I am speaking about the sixteenth century Reformation. Yes, I am referring to the great Reformation explosion that happened in the 1500s when Martin Luther and the Reformers came into sharp conflict with the Roman Catholic Church of that time.
With all of that said, what good does this historic explosion do for us here and now?
Sure, we live in the aftermath of this enormous explosion and reap some of the benefits of much that was accomplished during the Reformation. However, the church and our nature have a way of cleaning up the rubble, patching the shattered walls, and fixing that which is broken to move away from the explosion, and returning to a man-centered message that encroaches and overthrows the very Gospel.
Frankly, my friends, the very message of the Gospel that exploded and detonated the church some five
-hundred years ago is an explosion that needs to happen in our midst, right here and right now. It needs to happen again.
Yes, the explosion needs to happen every year and every week in the church. You see, “The church must be in a state of continuous reformation… a continuous return to the Word of God. [The reason why?] Our old sinful nature continuously tempts us to leave the Word of God behind. If we do not continuously reform… if we do not continuously study God’s Word, then we will slowly, but surely drift away from the truth. We will drift away until we are no longer free.”1
Therefore, blessed Saints, we do not merely study the great explosion of the Reformation once a year or once every 500 years on Reformation Sunday, but as a church of the Lutheran Reformation we undergo this Reformation explosion and experience continual reformation every Sunday and every day. Why is this so; how is this possible? It is this way because at the heart of the Reformation was the Word of God – the Word that invaded an Augustinian Monk and the Word of God that invaded the church. Furthermore, this very Word of God is the ‘same’ Word of God that continually comes to you and me in the local church. Otherwise stated, the rock is thrown into our lives and the explosion is recaptured every time that we read the Word of God, hear the Word of God, and receive the Lord’s Sacraments.
So, do you see the rock tossed in the water? Do you feel the blast from the detonation?

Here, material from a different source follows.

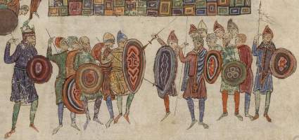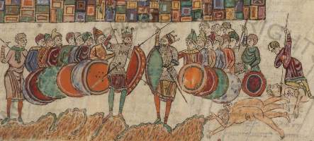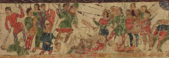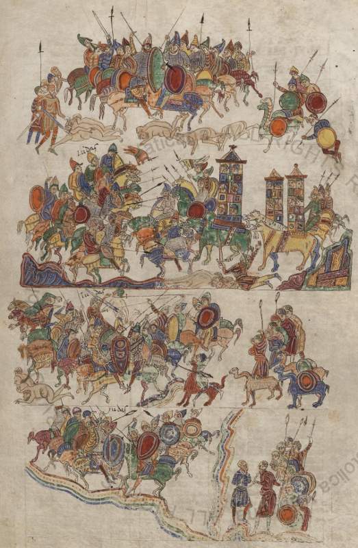 A - Pharaoh's Guard, f.6v; B - Defeat of the Amalekites, f.94v; C-D - Pharaoh's army, f.82; E - Army of Nebuchadnezzar, f.227; F - Holofernes, f.327; G-K[L] - Battle of Bethhoron, f.342;L-M -Battle against Nicanor[Guard of King Antiochus], f.235[352]. The Farfa Bible, though in much the same style as the Roda Bible, is stylistically freer and includes more obvious references to Muslim or specifically North African costume. It may, in fact, be a slightly later manuscript, the clearer Islamic elements resulting from the Murābiṭ invasion of al-Andalus in the late 11th century. It is worth noting that all 'wicked' figures are dressed to some degree in the more obviously Islamic costume. Pharaoh's guard (A) has his sword slung in a manner not unlike that of southern France, while the defeated Amalekites (B) and Holofernes, captain of the army of Assur, are European in their equipment to the extent of even having unlaced mail ventails. Only Holofernes' mace-like weapon sets him apart. His slightly forward-angled conical helmet is a bit of an enigma, further suggesting a late 11th or even early 12th century date for the manuscript. On the other hand the Roda Bible could indicate that this form originated in the Mediterranean area, in Spain, Provence, Italy or even al-Andalus. Elsewhere in the Farfa Bible turbaned figures are associated with men wearing very tall hats, helmets or headcloths (E and H). These may be garbled versions of the face-covering fashions of the original Saharan Murābiṭîn.

Jesus fulfilled the Law; sin was punished on Jesus; salvation was accomplished perfectly; you are baptized into Christ’s name; you are absolved by the Word of God; you are admitted to a heavenly feast. It is finished — for you.
This changes everything; nothing will ever be the same. Cur-plunk; splash. Bam; shatter. Christ Jesus has been crucified and resurrected for you. You are justified by grace through faith as a sheer gift. The Reformation lives on.